To its credit, CAIR quickly condemned the hostage-taking, writing on multiple platforms that "no cause can justify or excuse this crime." This belated statement is welcome, but will deserve applause only if it provokes such organizations to carefully assess the extent to which they have poisoned public discourse with anti-Zionism. In higher education, where anti-Zionist ideology is rampant, students, faculty, and administrators should also carefully assess whether they too are contributing to a lethal environment.

The third lesson of Colleyville is that the current surge in antisemitism requires urgent attention. Last year, the European Commission wisely established a strategic plan for addressing antisemitism. The Biden administration should quickly do the same. The plan should include better training for law enforcement, security for religious institutions, a White House antisemitism coordinator, and clarity on definitions. On the question of definitions, the administration could take a lesson from Virginia's new governor, Glenn Youngkin, who on his first day in office, which coincided with the Colleyville attack, issued an executive order which wisely incorporates the International Holocaust Remembrance Alliance Working Definition of Antisemitism.

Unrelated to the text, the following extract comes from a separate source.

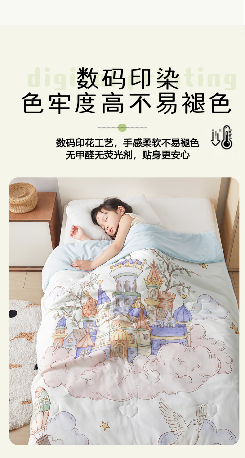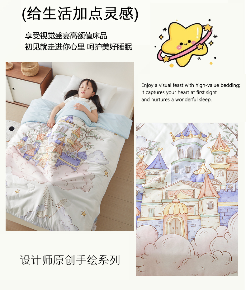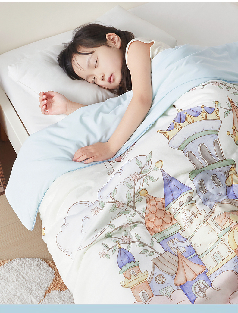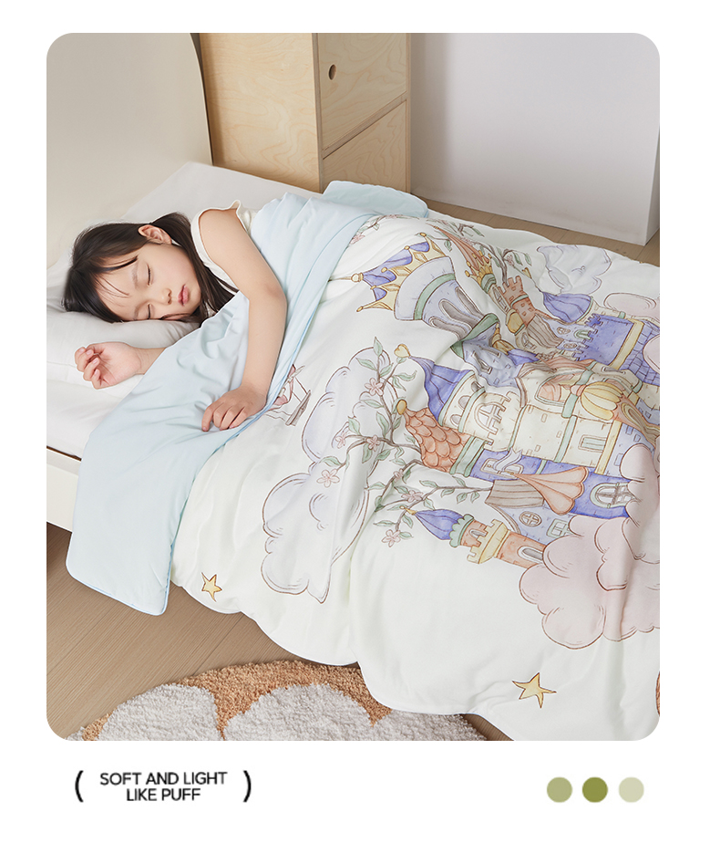 被子 > 夏被 > 荷马之梦 2026新款凉凉梦境-原创手绘母婴风针织凉感山茶蚕丝儿童双感夏被夏凉被空调被 天空梦之城

This work should be undertaken quickly. The Texas attack underscores a problem that has increasingly reached across our country. According to an American Jewish Committee survey, for example, one in four Jewish Americans experience antisemitism last year.

The Biden White House did not send the right message, to say the least, when it announced last month that it was delaying and downgrading rule-making on combating antisemitism to a "long-term action." The government's response to antisemitism, and other forms of hate, must be conducted with urgency.

Kenneth L. Marcus is Founder and Chairman of the Louis D. Brandeis Center for Human Rights Under Law and author of The Definition of Anti-Semitism. He served as the 11th Assistant U.S. Secretary of Education for Civil Rights.

The views in this article are the writer's own.